I'm not sure this post belongs here or in the Recorded Music and Publications forum, and this issue no doubt has been raised before, but due to a recent (but now closed) thread, I thought it worth reiterating:
In the US, there currently are no sound recordings in the public domain. Pre- February 1972 recordings are not subject to Federal copyright law until 2067, and a major court decision on the subject (Capitol v. Naxos) suggests that under the basic copyright principles that apply otherwise, copyright protection is forever (a bad and wrong decision imo, but there it is) and post- February 1972 recordings now have 70 years of copyright protection in the US and the EU, though it is still only 50 years in some other countries. As a result, old recordings available for sale or accessible for free abroad often are unavailable by any legal means in the US. Now, who cares about those dusty old pre-1972 recordings? We classical music fans, that's who.
This situation encourages illegal sales to American customers of music freely available in other countries, especially non-EU countries that still observe the 50-year copyright period. Fortunately, over the past 20 years, many of these long out-of-print classical records, including even those from small obscure labels, have been legitimately reissued one way or another. A surprising number of these have appeared on Youtube in recent years, I assume legally(?). There are still exceptions, of course.
I wonder if this situation will continue. The system is easy to cheat, as with a VPN server that can enable one to access online resources unavailable in one's home jurisdiction. Sellers from non-EU European countries burn CDs, no doubt from free downloads available in Europe from libraries and the like, and market them on ebay.
I'm not condoning copyright violations of any kind but giving your credit card number to some anonymous foreign seller in particular is sheer lunacy.


----------



## Monsalvat (11 mo ago)

Disney _really_ likes Mickey Mouse to be copyrighted... what else can I say. https://en.wikipedia.org/wiki/Copyright_Term_Extension_Act


----------



## ribonucleic (Aug 20, 2014)

fluteman said:


> Sellers from non-EU European countries burn CDs, no doubt from free downloads available in Europe from libraries and the like, and market them on ebay.
> I'm not condoning copyright violations of any kind but giving your credit card number to some anonymous foreign seller in particular is sheer lunacy.

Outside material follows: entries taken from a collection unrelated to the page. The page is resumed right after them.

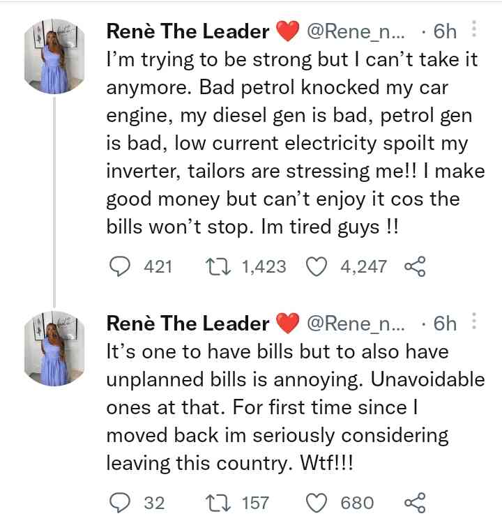 “I’m trying to be strong but I can’t take it anymore. Bad petrol knocked my car engine, my diesel gen is bad, petrol gen is bad, low current electricity spoilt my inverter, tailors are stressing me!! I make good money but can’t enjoy it cos the bills won’t stop. I’m tired guys !!
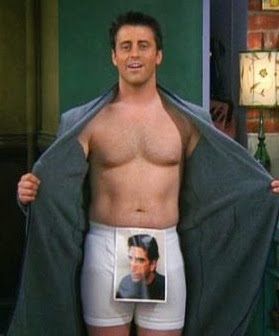 Italian-American stereotype Joey (Matt Leblanc, top photo), a muscular but dimwitted aspiring actor.
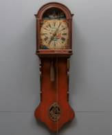 Friese staartklok in roodgebeitste eiken kast, met scheepjesmechaniek, de polychroom beschilderde wijzerplaat met figuren, 19e eeuw -beschadigingen, glasplaat afwezig, missende regel van kap, zonder ornamenten-
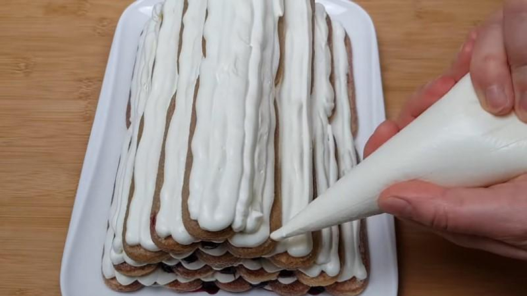 Підготувати тарілку: середину трохи змастити кремом (поверхню, на якій будемо збирати торт). Пропускаємо бісквіти через вишневий сироп, занурюючи їх на 2 секунди. Злийте зайвий сироп і викладіть печиво на кремовий шар на підносі. Викладаємо печиво таким чином, щоб вийшла «хатка» з 2 рядів по 5 штук, з вільними проміжками близько 2 мм. Заповнюємо порожні місця кремом.
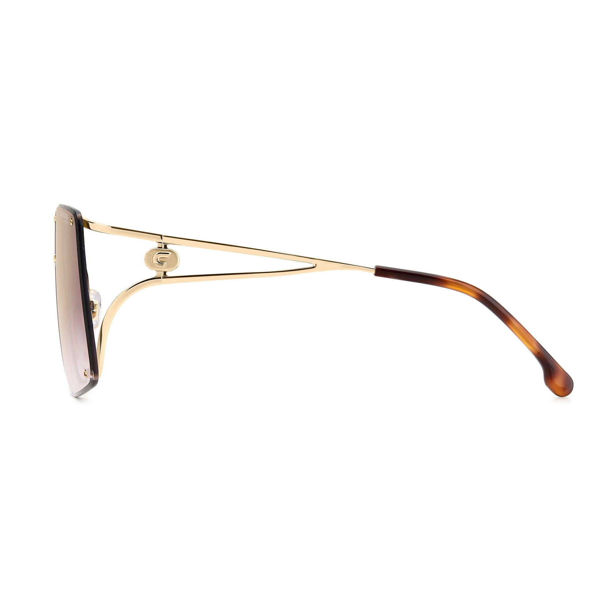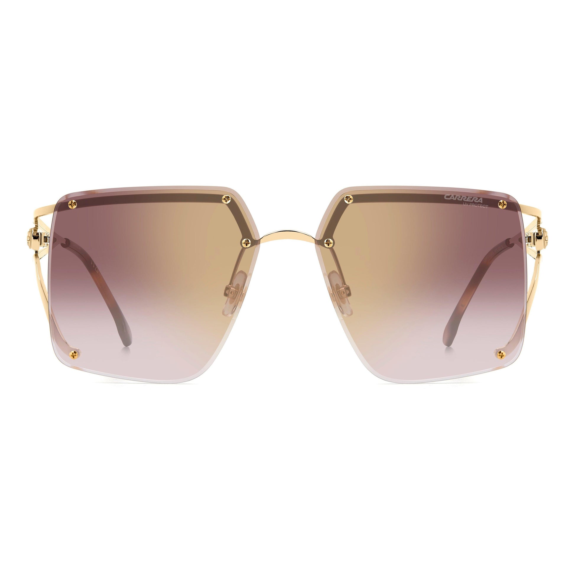 Carrera connoisseurs will adore these women's sunglasses. The rimless front, with colour-gradient lenses, is undeniably hypnotic, the star of any look. No detail has been left to chance: the screws that connect to the bridge and the temples are functional and decorative. The forked temple design, embellished by a suspended logo with an embossed ‘C’, is unforgettable. Sophisticated hues complete this unmistakably Carrera accessory.
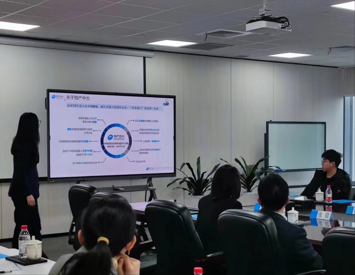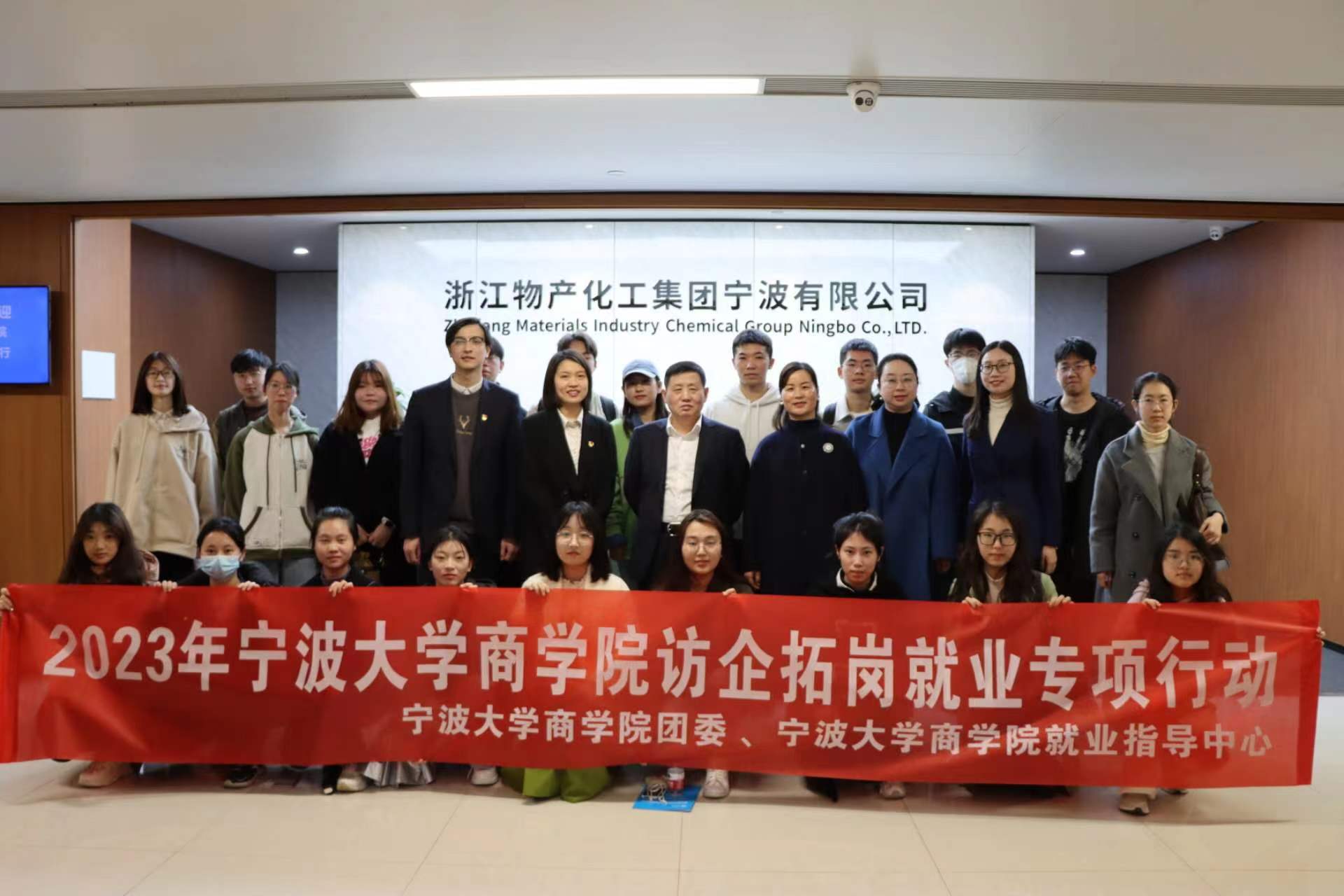 院长金祥荣、党委副书记韩雯琛、就业辅导员孙健维及21名学生代表走访浙江物产化工集团宁波有限公司,受到了董事长周剑凌、战略发展部兼人力资源部部门经理张晨、人力资源部部门副经理王鲁婧、资金部部门经理助理富佳能校友的热情接待。

You give your credit card number to eBay - not to the seller.

The original term of copyright in the United States (long predating sound recording, of course) was 14 years - extensible by another 14 years if the author was still alive. The current 95 years is an obscenity worth defying on general principle.


----------



## fluteman (Dec 7, 2015)

ribonucleic said:


> You give your credit card number to eBay - not to the seller.
> 
> The original term of copyright in the United States (long predating sound recording, of course) was 14 years - extensible by another 14 years if the author was still alive. The current 95 years is an obscenity worth defying on general principle.


Right. My point was that buying on ebay is OK but not some random dude on the internet, especially from a foreign country. And you're also right as to copyright. It's supposed to be a limited property right that provides sufficient incentive to innovate but doesn't allow the holder to restrict use forever.


----------